Artists at Work |

Artists at Work

Denise Bohart Brown
John F. Russell

Seeing Patterns

Denise Bohart Brown

There is a geometric pattern percolating in the mind of Denise Bohart Brown. It wants to escape but hasn’t found its way out.

“I have had a quilt design in my head for months and months,” she says. “I’ve created work from it. One quilt is even hanging in a gallery, but it’s still not what I have in my head.”

Quilting is just one medium of self-expression for Bohart Brown, who also incorporates geometric patterns in fine-art fused glass.

The two mediums – so different from one another – serve similar purposes for Bohart Brown.

“They are complementary for me because the style I use is very geometric,” she says. “But the two mediums are capable of very different things.”

The type of glass that tolerates a 1,500-degree kiln won’t always lend itself to the patterns she conceives in her head.

Bohart Brown spent six years assisting a commercial photographer in San Francisco after earning a degree in photography at the Colorado Institute of Art.

“It killed so much of my passion for photography, I decided I need to find another way to make a living,” she says.

She moved to Davis, Calif., and discovered the Craft Center at the University of California at Davis. She eventually became the manager of the ceramics and photography labs. But her newfound passion was the glass lab.

Later, she and a friend took quilting classes and learned techniques that helped Bohart Brown execute designs that were in her head, but couldn’t be done effectively in glass.

She works in a sunny room in her home overlooking a greenbelt where neighbors occasionally walk by on the path.

“My studio is mostly filled with things that are inspiring to me,” she says. “There are pictures of my parents as young adults and pieces of art that friends have made for me. I like to surround myself with that kind of energy and that kind of love.”

Giving new life to wood

David Winters

It was almost inevitable that David Winters would find the path to self-expression in beautifully grained wood.

“There’s a kinship I have with wood,” he acknowledges.

His late father, Bill Winters, was a ballroom dancer, a master metal smith, a woodworker and a relentless tinkerer.

“He would let me do anything and everything out in his woodshop,” Winters recalls of his father.

However, the spiritual connection to wood came from his late mother, Tina (pronounced Tyna).

“She thought she was a tree,” Winters says as he wipes sawdust off an old portrait of Tina that hangs in his woodworking shop.

Tina was a passionate Sierra Club member who took tree hugging literally. Winters inherited that passion in a slightly different form.

“I like the idea of giving the wood another life,” he says.

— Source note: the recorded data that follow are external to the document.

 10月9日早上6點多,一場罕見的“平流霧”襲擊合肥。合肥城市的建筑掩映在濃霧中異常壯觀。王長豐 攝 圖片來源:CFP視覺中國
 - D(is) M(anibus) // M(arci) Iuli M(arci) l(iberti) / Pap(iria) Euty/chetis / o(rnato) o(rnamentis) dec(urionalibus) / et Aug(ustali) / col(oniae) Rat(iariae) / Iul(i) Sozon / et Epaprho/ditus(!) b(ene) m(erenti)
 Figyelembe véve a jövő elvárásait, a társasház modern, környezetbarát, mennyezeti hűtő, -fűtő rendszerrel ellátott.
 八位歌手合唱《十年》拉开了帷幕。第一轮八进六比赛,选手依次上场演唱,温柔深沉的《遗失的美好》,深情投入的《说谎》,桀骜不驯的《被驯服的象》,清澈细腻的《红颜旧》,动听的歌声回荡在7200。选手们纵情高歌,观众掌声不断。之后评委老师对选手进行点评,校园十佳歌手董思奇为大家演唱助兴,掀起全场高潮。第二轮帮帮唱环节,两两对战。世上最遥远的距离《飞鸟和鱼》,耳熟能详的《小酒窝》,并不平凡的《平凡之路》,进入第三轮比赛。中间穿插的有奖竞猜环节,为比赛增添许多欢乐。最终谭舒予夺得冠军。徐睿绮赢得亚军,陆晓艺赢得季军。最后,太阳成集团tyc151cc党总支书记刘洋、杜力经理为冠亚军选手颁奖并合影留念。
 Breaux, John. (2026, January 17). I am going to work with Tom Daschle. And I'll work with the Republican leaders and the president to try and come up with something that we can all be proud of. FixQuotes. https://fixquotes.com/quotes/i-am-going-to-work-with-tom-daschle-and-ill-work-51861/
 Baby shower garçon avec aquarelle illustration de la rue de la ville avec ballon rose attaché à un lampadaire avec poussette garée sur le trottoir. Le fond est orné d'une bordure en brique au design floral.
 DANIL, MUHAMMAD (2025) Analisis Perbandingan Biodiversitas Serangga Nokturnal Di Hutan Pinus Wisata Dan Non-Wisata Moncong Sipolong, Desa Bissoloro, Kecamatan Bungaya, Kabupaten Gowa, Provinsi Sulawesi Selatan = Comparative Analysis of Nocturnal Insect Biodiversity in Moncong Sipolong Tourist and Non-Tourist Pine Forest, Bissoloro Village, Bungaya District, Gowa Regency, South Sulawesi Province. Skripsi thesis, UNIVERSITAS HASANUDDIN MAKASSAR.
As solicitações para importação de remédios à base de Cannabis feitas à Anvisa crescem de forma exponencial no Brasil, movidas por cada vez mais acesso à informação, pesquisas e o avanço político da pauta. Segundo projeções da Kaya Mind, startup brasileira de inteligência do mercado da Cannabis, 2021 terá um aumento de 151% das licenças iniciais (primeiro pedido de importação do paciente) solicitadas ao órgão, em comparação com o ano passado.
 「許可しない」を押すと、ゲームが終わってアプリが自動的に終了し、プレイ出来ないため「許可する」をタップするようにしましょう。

The work that Winters turns out can be divided into two categories: art and commerce. But the line is often blurred.

There are the beautiful carving boards that are in such high demand in Steamboat shops that he cannot keep up. His trademark can be seen in the swirls created by alternating bands of exotic wood.

For Winters, the term “carving board” has less to do with standing rib roasts than with the precise lines he carves down the face of waves in his native Southern California and, similarly, down Steamboat’s ski slopes on a custom snowboard.

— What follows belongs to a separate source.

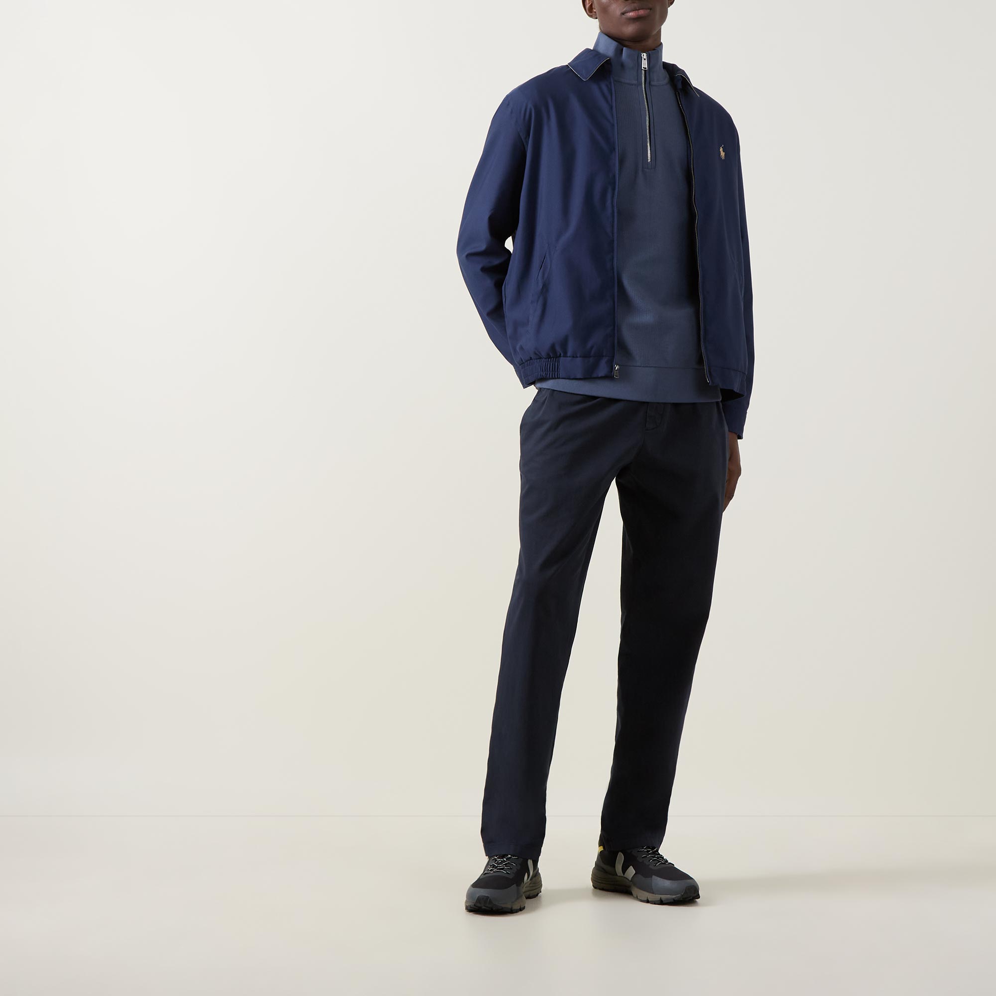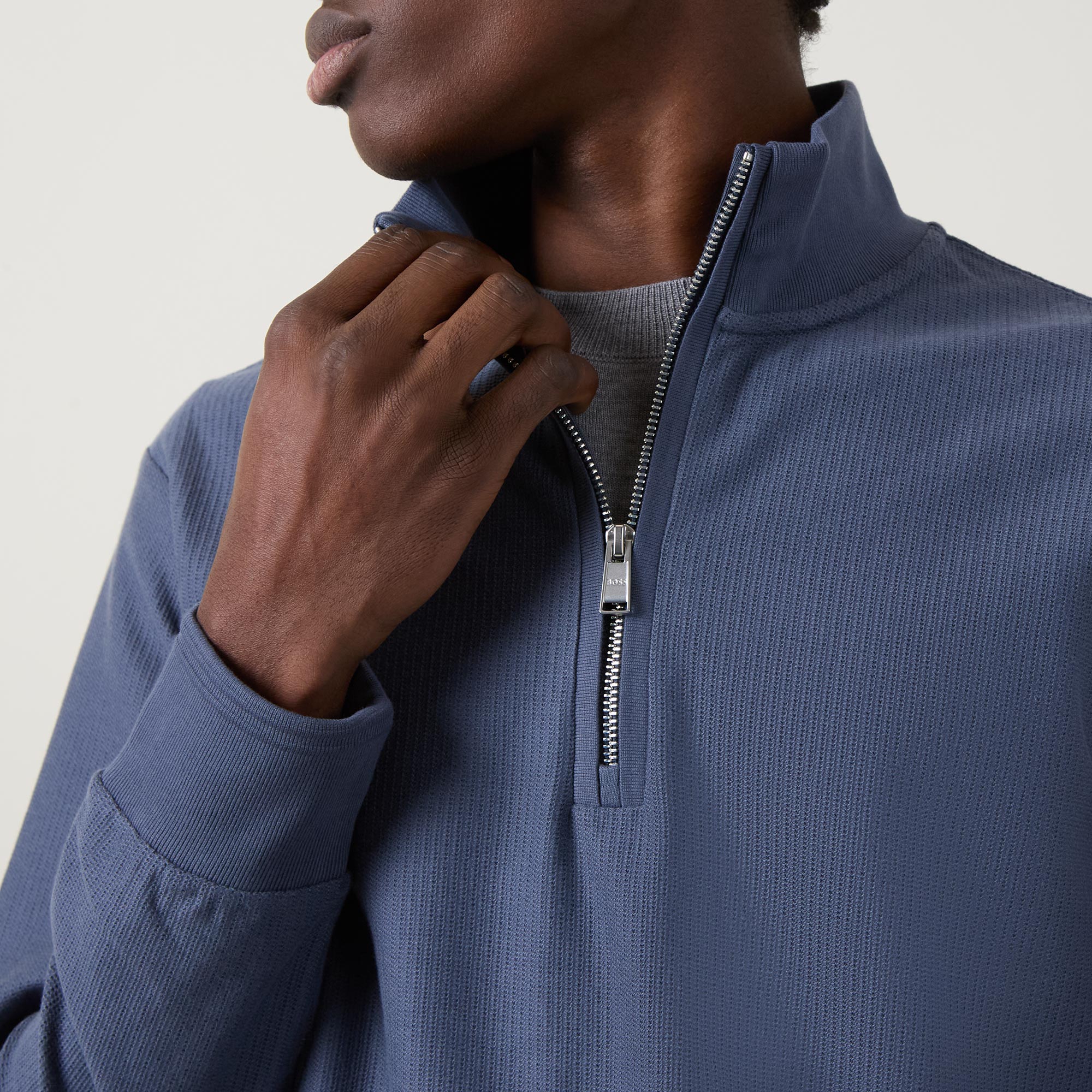 - Half-zip fastening, funnel neckline, long sleeves, ribbed trims, straight hemline

The fine art side resides in an anteroom of the main shop, where a set of metal shelves is stacked with pieces of wood of many shapes and sizes. Many are burls – the strange knobs that sometimes form on the trunks of aspens. But when they’re turned on Winters’ lathe, they are transformed into beautiful bowls.

The old pieces of wood are given new life, and Winter is happy.


Greg Effinger

Greg Effinger has mastered the ski trails on Mount Werner. But he prefers to express himself with a watercolor brush, not his snowboard.

Effinger, equally adept at commercial art and fine art paintings of Yampa Valley landscapes, has a special affinity for painting the slopes of the Steamboat Ski Area. The trails are visible from his Old Town studio.

“I have the best location in town,” he says. The studio is in a remodeled home at Third and Oak streets. Visitors are greeted by an antique children’s sled mounted at an angle as if it were flying downhill. Effinger sits at an antique drafting table where he can enjoy the views and work on two paintings simultaneously.

He enthusiastically shares his secret to faithfully painting the ski area.

“Our ski mountain has a certain anatomy to it. It isn’t easy to paint. If you don’t get it right, people notice. By now, I can do it with my eyes closed.”

Effinger, who graduated from Steamboat Springs High School, studied fine art at the University of Northern Colorado. He avoids growing stale on painting Mount Werner by pursuing his passion for two other locales – the Hill Country of Texas and Albuquerque, N.M.

So, what’s the secret to faithfully rendering the ski trails of Mount Werner in watercolors?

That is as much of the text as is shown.